Auch die Haustiere werden oft von Magenkrankheiten befallen. Akute und chronische Magendarmkatarrhe kommen bei allen Arten vor. Eigentliche Magenentzündungen sind meist Folge von mit[63] dem Futter aufgenommenen Giftstoffen. Das Pferd hat einen unverhältnismäßig kleinen M. und erkrankt leicht an Überfütterungskolik (s. Kolik). Beim Wiederkäuer beherbergt der Pansen (s. Wiederkäuer) sehr große Futtermengen, die er durch ständige Tätigkeit seiner Muskulatur durcheinander rühren muß. Bei ungenügender Pansentätigkeit entsteht chronische Verdauungsstörung. Verwachsungen des Pansens und der Haube mit der Bauchwand (infolge örtlicher chronischer Entzündung) bilden oft ein Hindernis für die Magenbewegung. Die häufigste Magenerkrankung beim Rind entsteht durch verschluckte spitze Fremdkörper (s. Herzbeutel-Zwerchfellentzündung). Abnorme Gasbildung im Pansen bewirkt das Aufblähen. Würmer des Magens s. Magenwurmkrankheit. Bei Pferden finden sich oft die Larven der Magenbremse (s. Bremen, S. 376). Bei mehreren akuten Infektionskrankheiten ist speziell der M. mitbetroffen, so beim Rotlauf und der Rinderpest. Geschwülste (beim Pferd auch Magensteine) finden sich bisweilen. Hunde leiden häufig an chronischem Erbrechen. Bemerkenswert ist, daß Pferde im Gegensatz zu den übrigen Haustieren nicht erbrechen können, wegen eines eigenartigen Abschlusses am Ende der Speiseröhre.

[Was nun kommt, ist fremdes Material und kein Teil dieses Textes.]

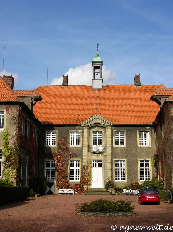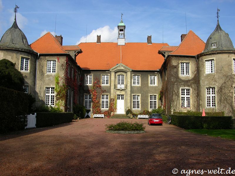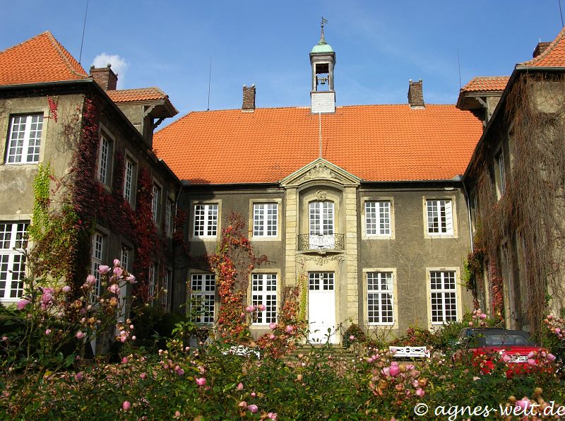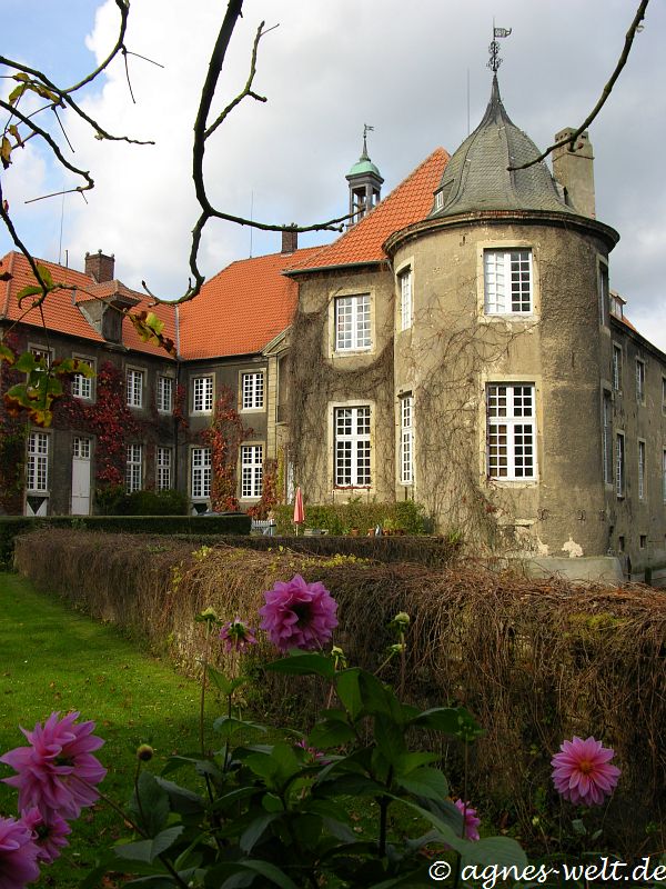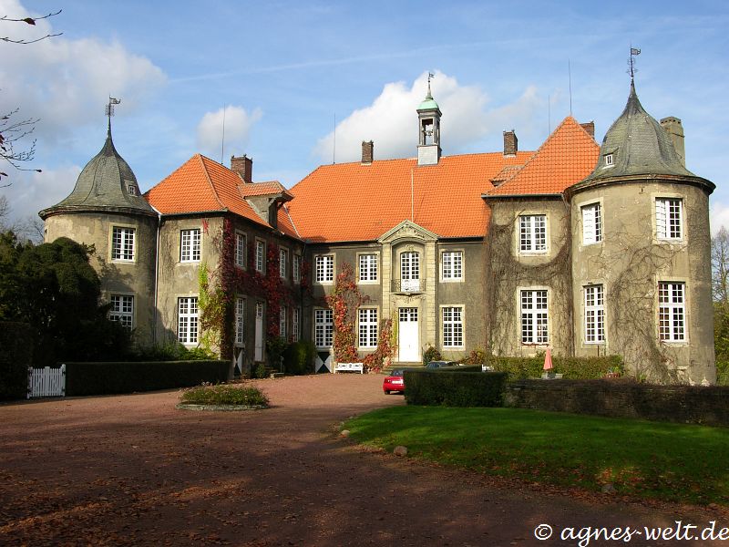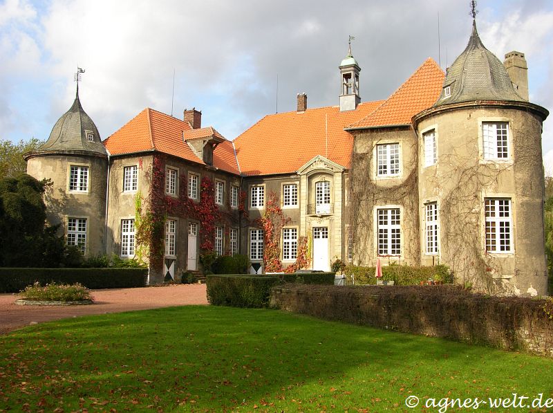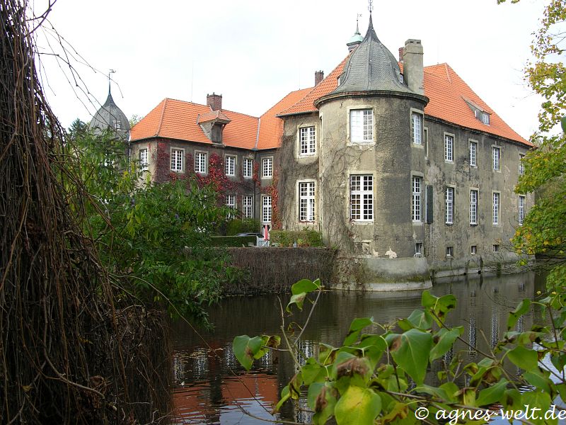Inmitten eines Parks erhebt sich aus dem Wasser der sie umgebenden Gräfte eine idyllische Mischung aus Schloss und Burg - Haus Itlingen.
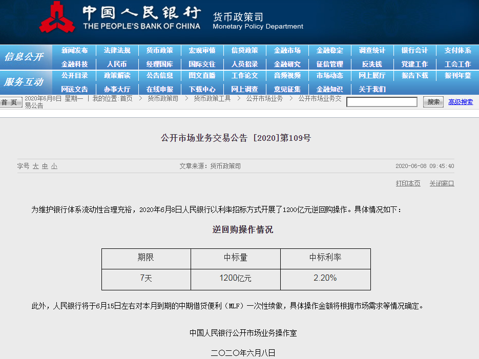 本周一有5000億元MLF到期,周四有700億元逆回購(gòu)到期,周五有1500億元逆回購(gòu)到期。共計(jì)7200億元巨量資金到期,為緩解市場(chǎng)流動(dòng)性壓力,央行今日開展1200億元逆回購(gòu)操作,此外,人民銀行將于6月15日左右對(duì)本月到期的中期借貸便利(MLF)一次性續(xù)做,關(guān)注利率變動(dòng)。

Beim Pferde deutet Erbrechen daher fast immer auf tödliche Magenerkrankung (Lähmung, Zerreißung); Ausnahmen kommen vor. Bei Hunden und Schweinen werden dagegen oft Brechmittel angewendet. Das Wiederkauen ist, streng genommen, ein stets normales, nicht gewaltsames Erbrechen.